Dirt First

Author: Kristin Ohlson

Rick Haney, gangly and garrulous, paces in front of a congregation of government conservationists, working the room for laughs before he gets to the hard data. The U.S. Department of Agriculture soil scientist points to an aerial photograph of research plots outside his facility in Temple , Texas. “Our drones took this shot,” he says, then shakes his head. “Kidding. We don’t have any drones.”

Forty sets of shoulders jerk in amusement. Paranoia about the federal government is acute in Texas, and Haney’s audience—field educators from the USDA’s Natural Resources Conservation Service (NRCS), part of a corps of around six thousand that works directly with farmers nationwide—hail from around the state. They’re used to suspicious scowls from farmers, who are as skeptical of the feds as they are of the outsiders who dwell on the downsides of agriculture. For the most part, the people in this room are both: feds and outsiders.

But what if those downsides—unsustainable farming practices—are also bad for a farmer’s bottom line? It’s the question Haney loves to raise during training sessions like this one, which the NRCS (today’s iteration of the Dust Bowl–era Soil Conservation Service) convenes around the country as part of a soil health campaign launched in 2012. Haney is a star at these events because he brings the imprimatur of science to something many innovative farmers have already discovered: despite what the million-dollar marketing campaigns of agrichemical companies say, farmers can use less fertilizer without reducing yields, saving both money and landscapes.

“Our entire agriculture industry is based on chemical inputs, but soil is not a chemistry set,” Haney explains. “It’s a biological system. We’ve treated it like a chemistry set because the chemistry is easier to measure than the soil biology.”

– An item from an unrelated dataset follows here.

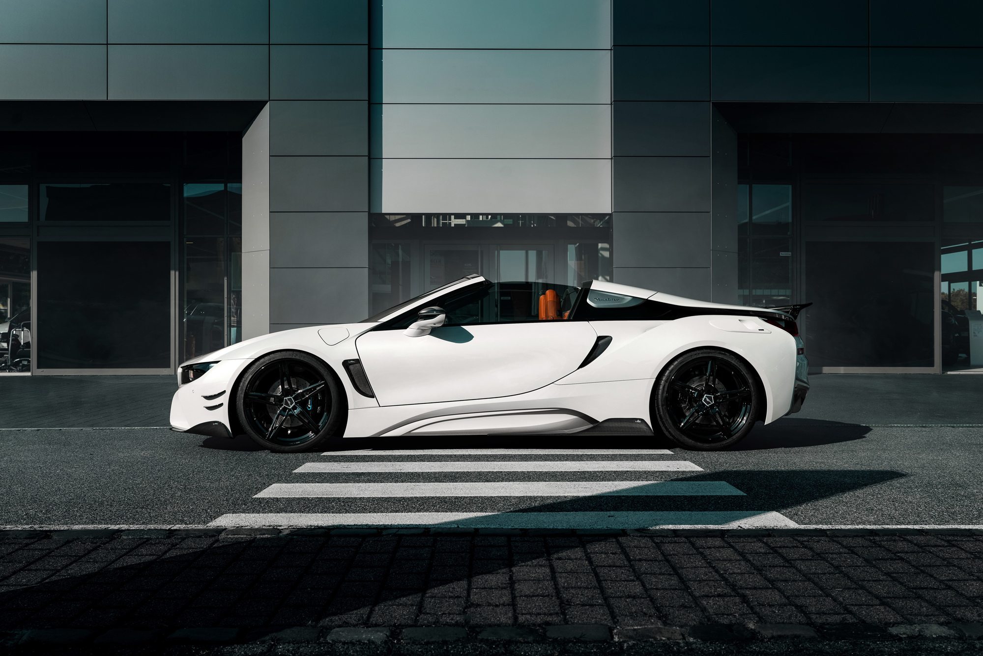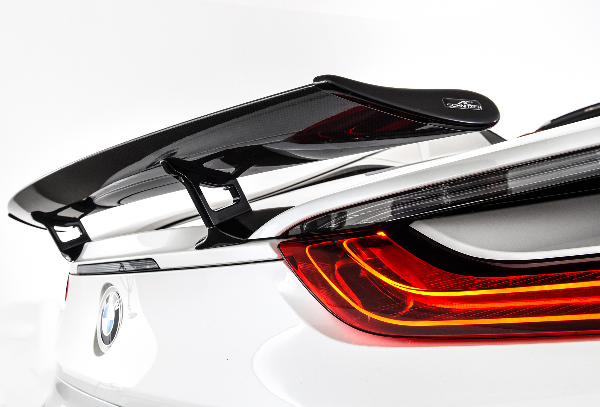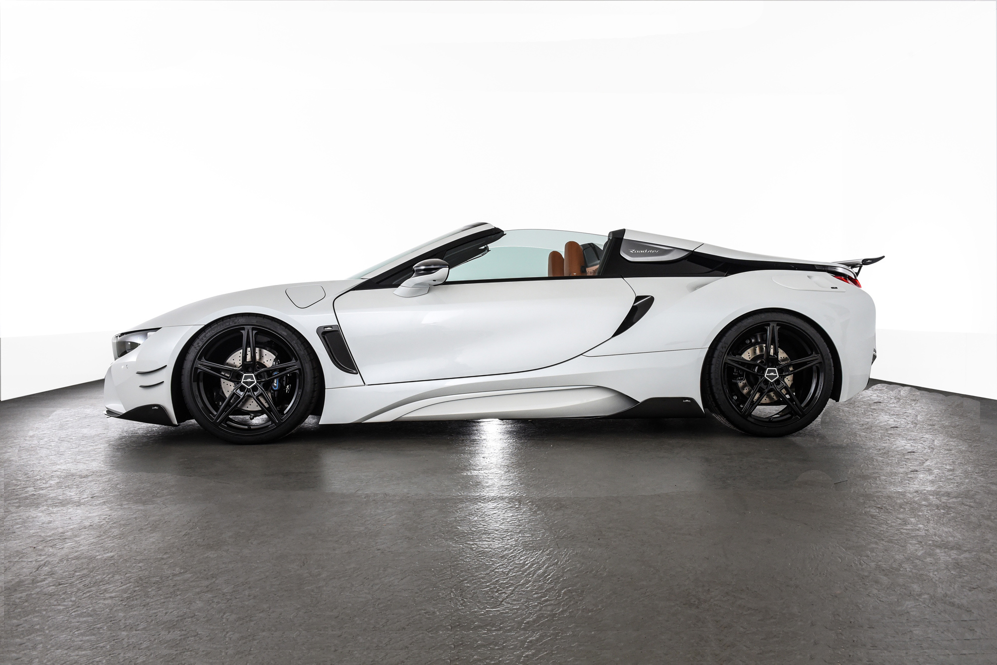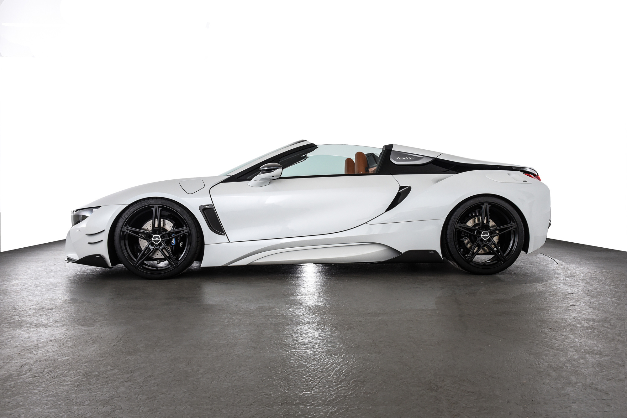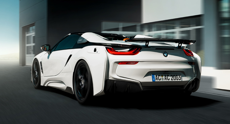 Повод поработать с открытой версий давно напрашивался. С момента опыта с купе семейство i8 пережило обновление. В числе прочего инженеры слегка нарастили мощность гибридной системы (сейчас в ней скрыто 374 «лошадки» против 362 до реформы). Ателье AC Schnitzer вмешиваться в настройки агрегатов не стало. Значит, вряд ли разгон до сотни поменялся сколь-нибудь ощутимо (у исходника было 4,6 с). Бюро подготовило новый проект по проверенному рецепту.

In nature, of course, plants grow like mad without added synthetic fertilizer, thanks to a multimillion-year-old partnership with soil microorganisms. Plants pull carbon dioxide from the atmosphere through photosynthesis and create a carbon syrup. About 60 percent of this fuels the plant’s growth, with the remaining exuded through the roots to soil microorganisms, which trade mineral nutrients they’ve liberated from rocks, sand, silt, and clay—in other words, fertilizer—for their share of the carbon bounty. Haney insists that ag scientists are remiss if they don’t pay more attention to this natural partnership.

“I’ve had scientific colleagues tell me they raised 300 bushels of corn [per acre] with an application of fertilizer, and I ask how the control plots, the ones without the fertilizer, did,” Haney says. “They tell me 220 bushels of corn. How is that not the story? How is raising 220 bushels of corn without fertilizer not the story?” If the natural processes at work in even the tired soil of a test plot can produce 220 bushels of corn, he argues, the yields of farmers consciously building soil health can be much higher.